Saved entries =>
━━━━━━━━━━

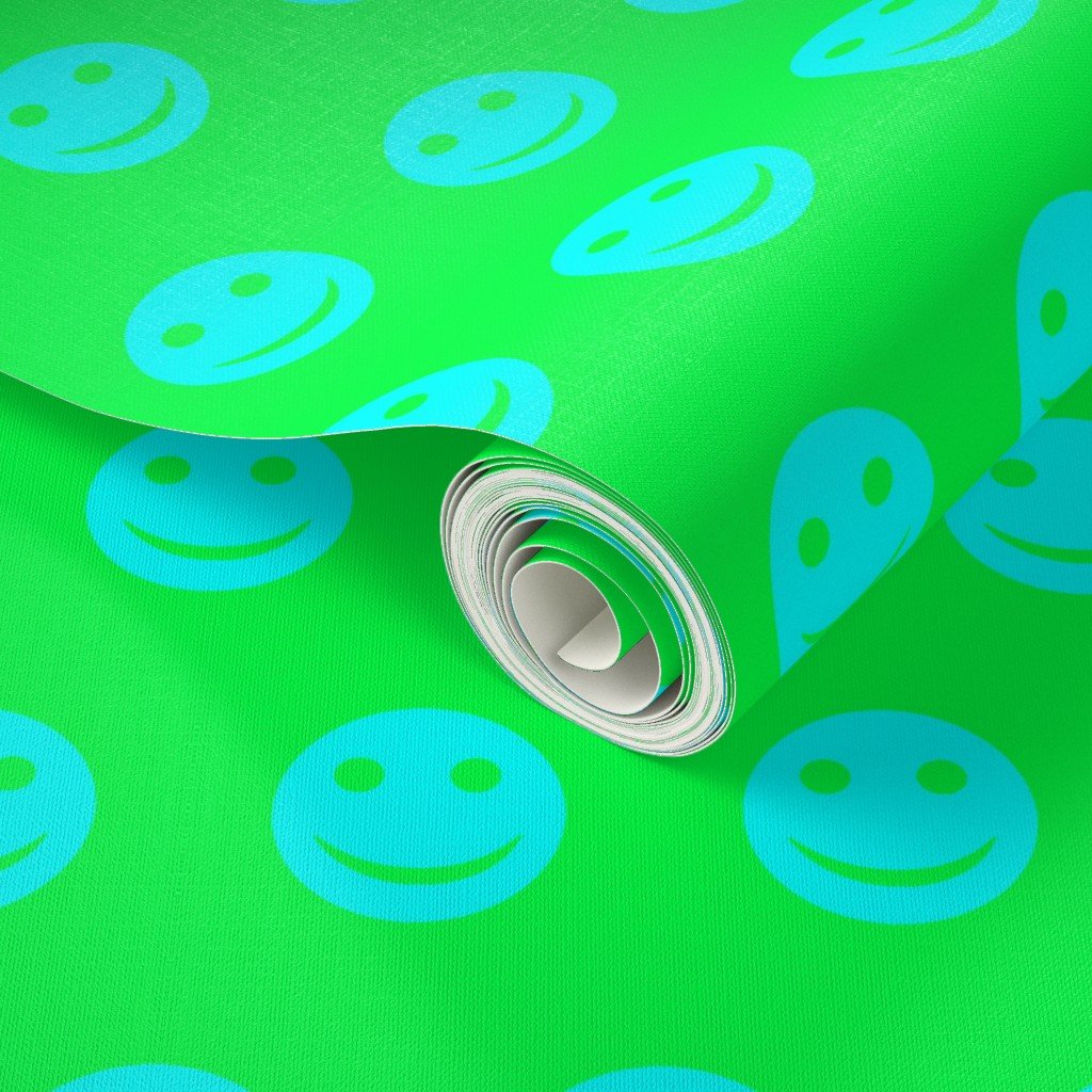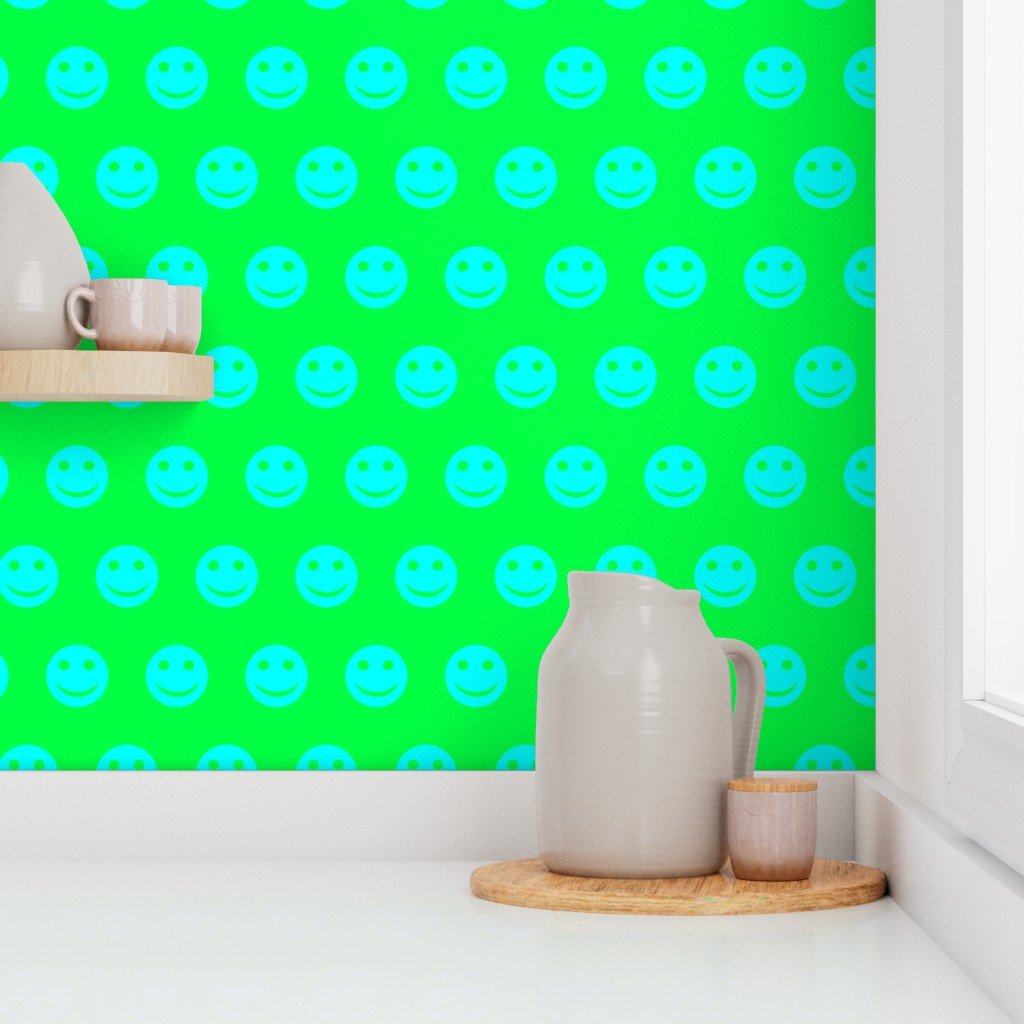 A vibrant and playful pattern featuring neon aqua smiley faces set against a bright green background.
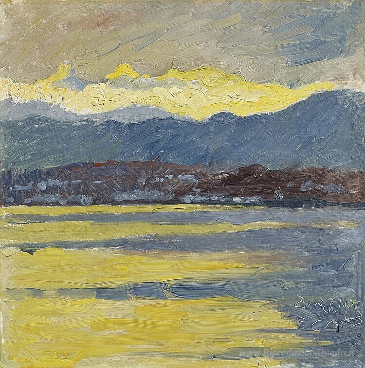 Ti offriamo una riproduzione artigianale su tela dell'opera famosa 'F?hnstimmung (Zürichsee)' di Cuno Amiet, dal Museo delle Riproduzioni.
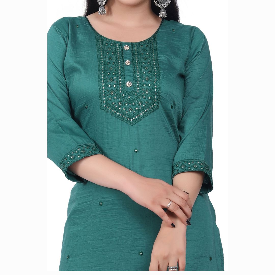 Add elegance and sophistication to your ethnic collection with the LOR Fashion Straight Kurta crafted from premium Rinkle Chinon Silk fabric. Designed in a refreshing Rama Green shade, this kurta features delicate thread work embroidery along with a classic straight cut for a graceful look. The three-quarter sleeves and lightweight silk fabric ensure both comfort and style, making it an ideal choice for festivals, office wear, and family gatherings.
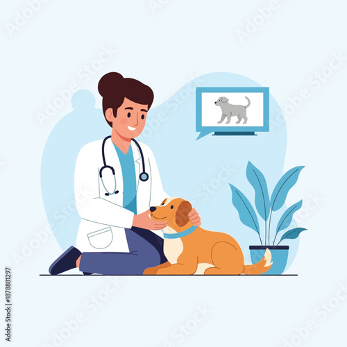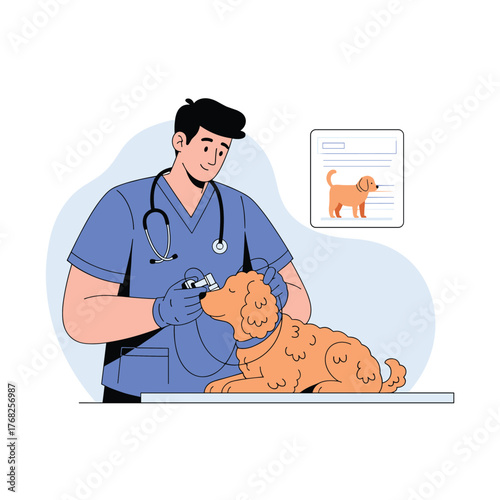 Врач ветеринарной клиники осматривает и лечит собаку векторным значком на изолированном фоне.
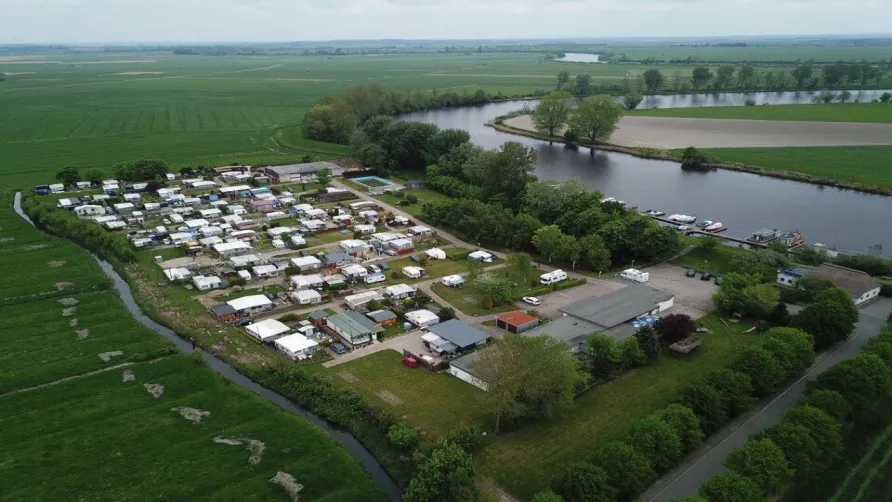 Unser Campingplatz liegt direkt am Ufer der Eider in Delve im Kreis Dithmarschen. Büsum und die Nordsee sind nur rund 30 km von hier entfernt. Friedrichstadt,wegen seiner Bauten der niederländischen Backsteinrenaissance und seiner Grachten auch als _Holländerstadt_ bekannt,ist nur etwa 20 km entfernt.
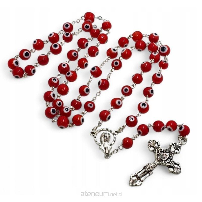 Odkryj niezwykłe piękno tego szklanego różańca, który przyciąga wzrok swoim oryginalnym designem. Czerwone, szklane koraliki, ozdobione małymi czarno-białymi oczkami, tworzą unikalny i efektowny wzór. Piękny łącznik z wizerunkiem Matki Boskiej oraz ażurowy krzyż wykonany z metalu dodają różańcowi elegancji i duchowego charakteru.
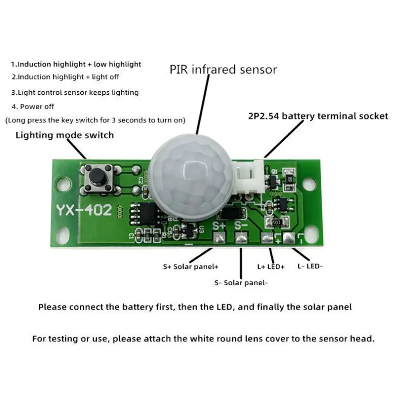 3.7V DIY Kit Solar Lamp Panel Circuit Board Control Sensor Night Light Module Controller Module Infrared Body Motion Module
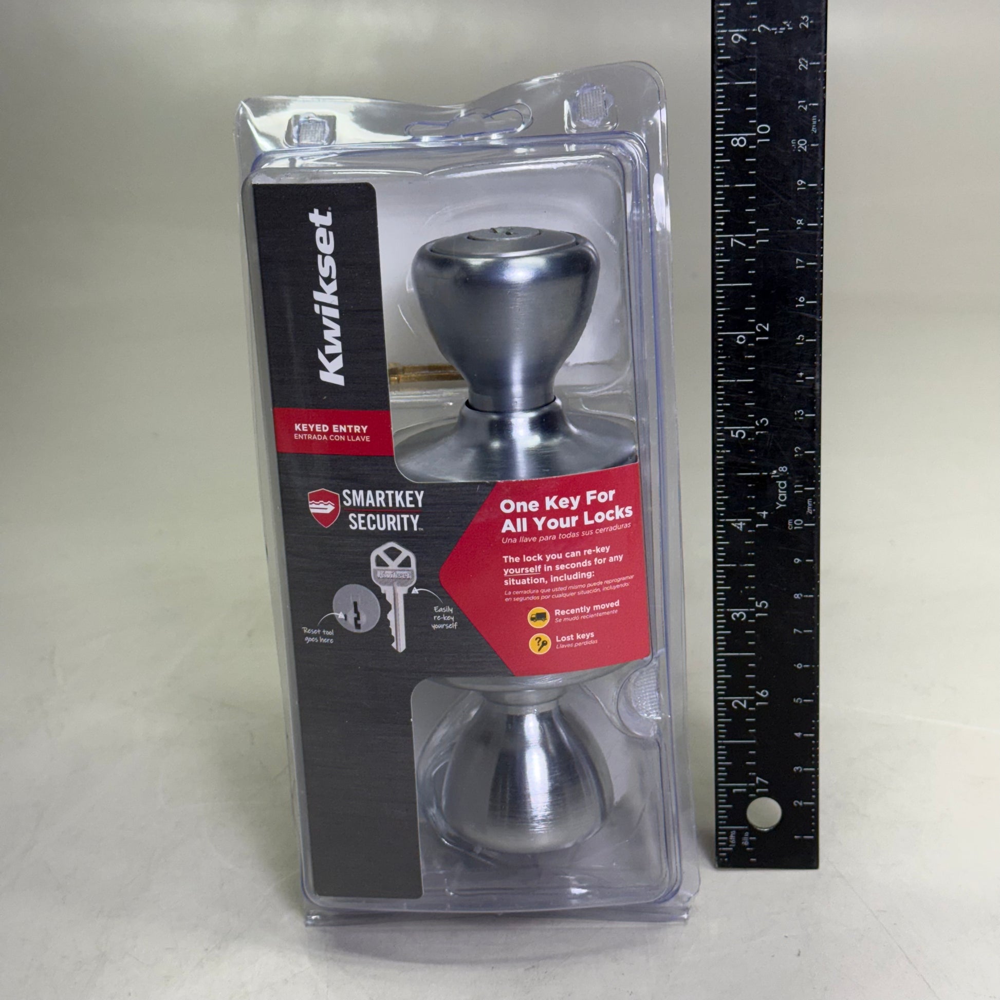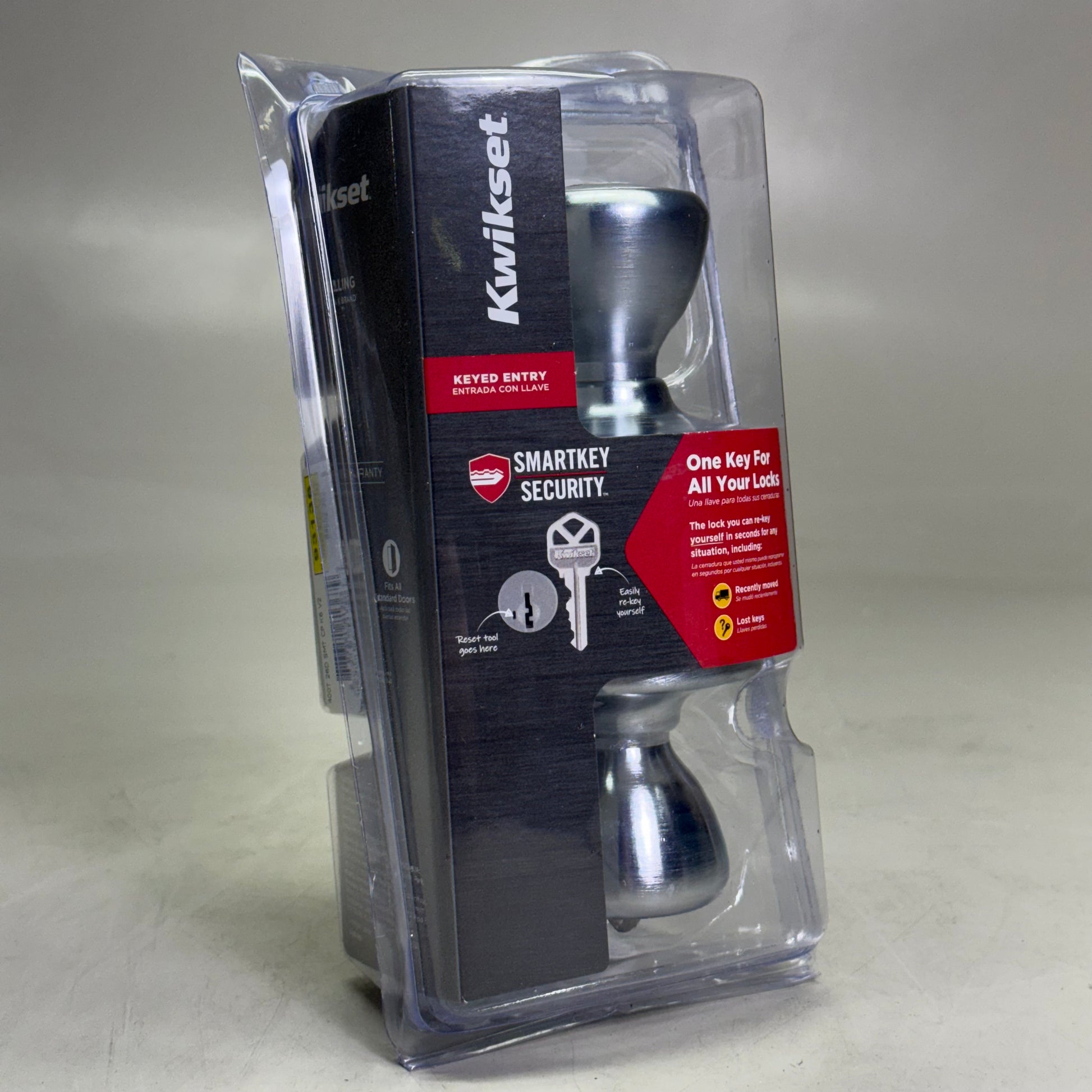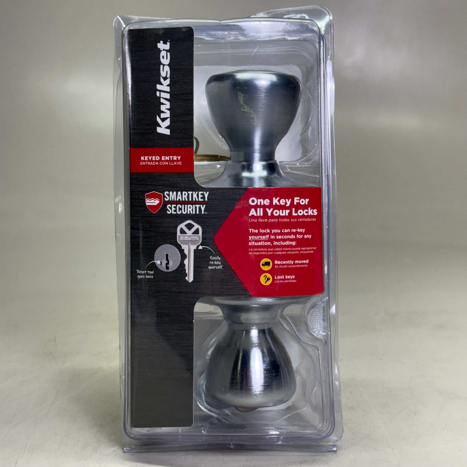 KWIKSET Smartkey Keyed Entry Door Knob w/ Microban Satin Nickel 94002-952
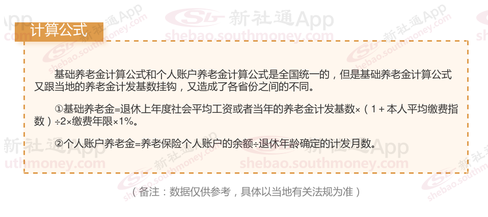 基础养老金:其计算公式为(全省上年度在岗职工月平均工资+本人指数化月平均缴费工资)÷2×缴费年限×1%。其中,本人指数化月平均缴费工资=全省上年度在岗职工月平均工资×本人平均缴费指数(本人平均缴费指数最高为300%,最低为60%,指数在0.6~3之间)。
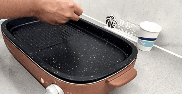 这款电烧烤炉组装很简单,只需要将机器放到平稳的地方,将烤盘放上去即可。
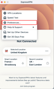 - 關閉“首選項”窗口並嘗試重新連接到 ExpressVPN。
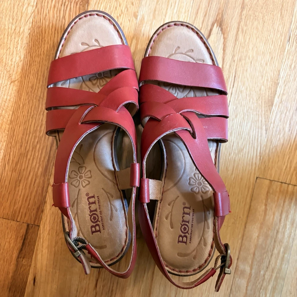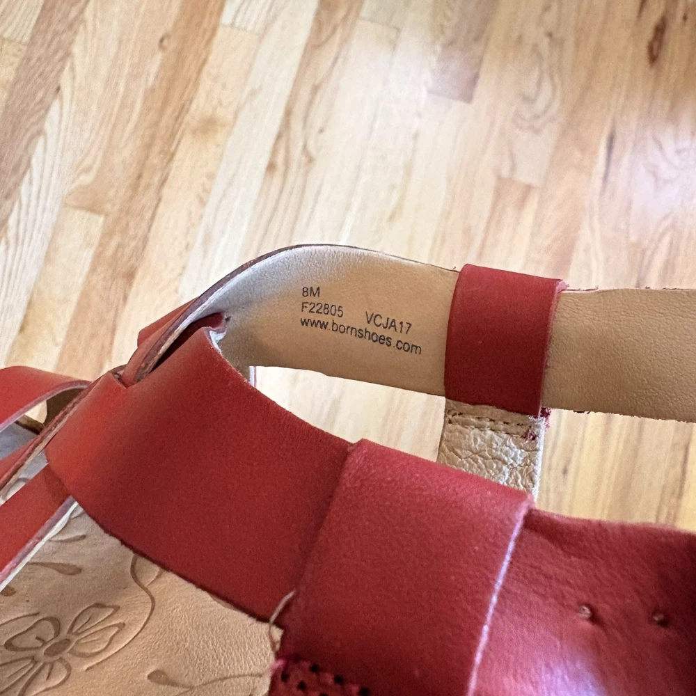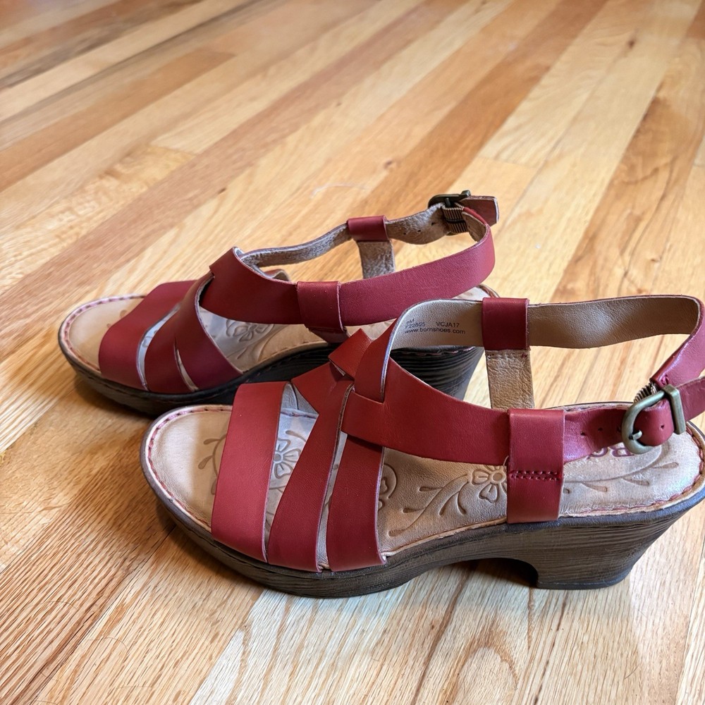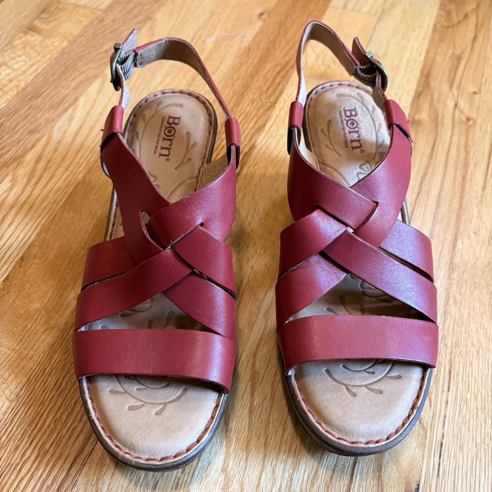 Country of Origin: Vietnam Shoe Width: M Style: Strappy Heel Style: Wedge Department: Women gtin13: n/a Lining Material: Leather Outsole Material: Manmade US Shoe Size: 8 UPC: n/a Occasion: Casual Color: Red Heel Height: Mid (2-2.9 in) Upper Material: Leather Type: Sandal Pattern: Solid Model: Carmo Features: Not Specified Brand: Børn Closure: Buckle Theme: Cross MPN: n/a

━━━━━━━━━━

WHAT YOU HAVE TO DO =>
Only the records, copied exactly and free of pictures, belong in the answer.

TASK OUTPUT =>
 A vibrant and playful pattern featuring neon aqua smiley faces set against a bright green background.
 Ti offriamo una riproduzione artigianale su tela dell'opera famosa 'F?hnstimmung (Zürichsee)' di Cuno Amiet, dal Museo delle Riproduzioni.
 Add elegance and sophistication to your ethnic collection with the LOR Fashion Straight Kurta crafted from premium Rinkle Chinon Silk fabric. Designed in a refreshing Rama Green shade, this kurta features delicate thread work embroidery along with a classic straight cut for a graceful look. The three-quarter sleeves and lightweight silk fabric ensure both comfort and style, making it an ideal choice for festivals, office wear, and family gatherings.
 Врач ветеринарной клиники осматривает и лечит собаку векторным значком на изолированном фоне.
 Unser Campingplatz liegt direkt am Ufer der Eider in Delve im Kreis Dithmarschen. Büsum und die Nordsee sind nur rund 30 km von hier entfernt. Friedrichstadt,wegen seiner Bauten der niederländischen Backsteinrenaissance und seiner Grachten auch als _Holländerstadt_ bekannt,ist nur etwa 20 km entfernt.
 Odkryj niezwykłe piękno tego szklanego różańca, który przyciąga wzrok swoim oryginalnym designem. Czerwone, szklane koraliki, ozdobione małymi czarno-białymi oczkami, tworzą unikalny i efektowny wzór. Piękny łącznik z wizerunkiem Matki Boskiej oraz ażurowy krzyż wykonany z metalu dodają różańcowi elegancji i duchowego charakteru.
 3.7V DIY Kit Solar Lamp Panel Circuit Board Control Sensor Night Light Module Controller Module Infrared Body Motion Module
 KWIKSET Smartkey Keyed Entry Door Knob w/ Microban Satin Nickel 94002-952
 基础养老金:其计算公式为(全省上年度在岗职工月平均工资+本人指数化月平均缴费工资)÷2×缴费年限×1%。其中,本人指数化月平均缴费工资=全省上年度在岗职工月平均工资×本人平均缴费指数(本人平均缴费指数最高为300%,最低为60%,指数在0.6~3之间)。
 这款电烧烤炉组装很简单,只需要将机器放到平稳的地方,将烤盘放上去即可。
 - 關閉“首選項”窗口並嘗試重新連接到 ExpressVPN。
 Country of Origin: Vietnam Shoe Width: M Style: Strappy Heel Style: Wedge Department: Women gtin13: n/a Lining Material: Leather Outsole Material: Manmade US Shoe Size: 8 UPC: n/a Occasion: Casual Color: Red Heel Height: Mid (2-2.9 in) Upper Material: Leather Type: Sandal Pattern: Solid Model: Carmo Features: Not Specified Brand: Børn Closure: Buckle Theme: Cross MPN: n/a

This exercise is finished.